On the steep schist terraces overlooking Banyuls-sur-Mer, Le Casot des Mailloles has spent three decades proving how vivid wine can be when nothing is added to it.
Backstory
Alain Castex and Ghislaine Magnier created the domaine in Banyuls in 1994. Castex had spent some fifteen years working in the Corbieres before moving to Roussillon, where the couple built a pioneering natural estate. In 2015 they handed the work over to Jordi Perez, a young Catalan who had left a town-hall job to study viticulture and oenology at Blanquefort. He continues the domaine in the same uncompromising spirit.
The Region
The roughly five-hectare estate sits on steep terraces above the town of Banyuls, in the Roussillon. Its name comes from the casots, the traditional dry-stone shelters scattered across the region's vineyards.
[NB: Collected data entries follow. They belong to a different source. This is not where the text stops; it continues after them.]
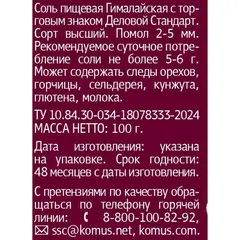 Гималайская соль Деловой стандарт в мельнице - натуральная соль в удобном формате. Соль содержит 84 микроэлемента, включая железо, благодаря которому она имеет розовый цвет. Сама соль обладает легким сладковато-соленым вкусом, который схож с привычной всем каменной солью. Она получила свое название из-за местонахождения - добывается преимущественно в гималайских горах, в Пакистане. Добавляя гималайскую соль в блюдо, Вы не только делаете его вкусным, но и обогащаете организм полезными веществами. Сорт высший. Помол 2-5 мм. Рекомендуемое суточное потребление соли не более 5-6 г. Может содержать следы орехов, горчицы, сельдерея, кунжута, глютена, молока. Хранить в сухом, хорошо вентилируемом помещении при относительной влажности воздуха не более 75%. Беречь от прямых солнечных лучей. После вскрытия упаковки хранить герметично закрытыми при рекомендуемых условиях в пределах срока годности. Возможно слеживание продукта. Масса нетто: 100 г. Срок годности: 48 месяцев с даты изготовления. Страна производства: Россия.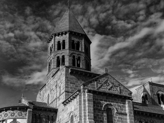 Keywords: puy-de-dome church building faith religion tower architecture town sky clouds black and white outside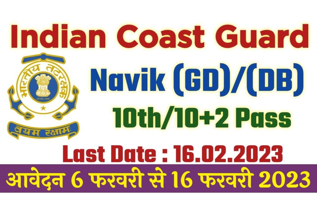Indian Coast Guard Navik सामान्य ड्यूटी और घरेलू शाखा भर्ती 2023 अधिसूचना 255 पदों के लिए जारी की गई है। योग्य और इच्छुक उम्मीदवार आधिकारिक वेबसाइट के माध्यम से भारतीय तटरक्षक नाविक भर्ती 2023 के लिए ऑनलाइन आवेदन करने की प्रक्रिया और सीधा लिंक नीचे दिया गया है। भारतीय तटरक्षक नाविक भर्ती 2023 के लिए आप 6 फरवरी से 16 फरवरी 2023 तक ऑनलाइन आवेदन कर सकते हैं।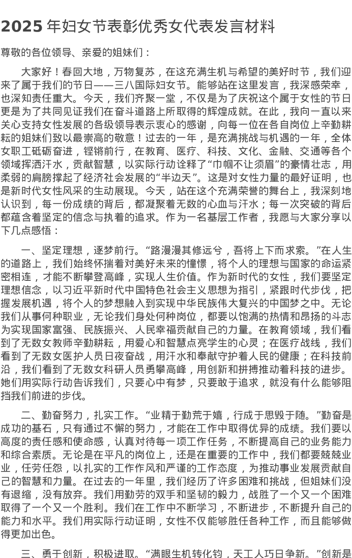 2025年妇女节表彰优秀女代表发言材料

The parcels are so steep that machines cannot work them.
Vineyards and Farming
Farming is organic and biodynamic, with cover crops, agroforestry plantings of olive and almond trees, and pastoralism among the vines. The work is done by hand on the terraces.
Winemaking
Wines ferment with native yeasts. They are never fined or filtered, and sulfites are avoided entirely, a discipline the domaine has held to from the start.
The Wines
The range covers white, rose and red bottlings, including Collioure-area cuvees, made from the Mediterranean varieties of the Banyuls hills. They are wines of energy and transparency that helped define what natural wine could be in southern France.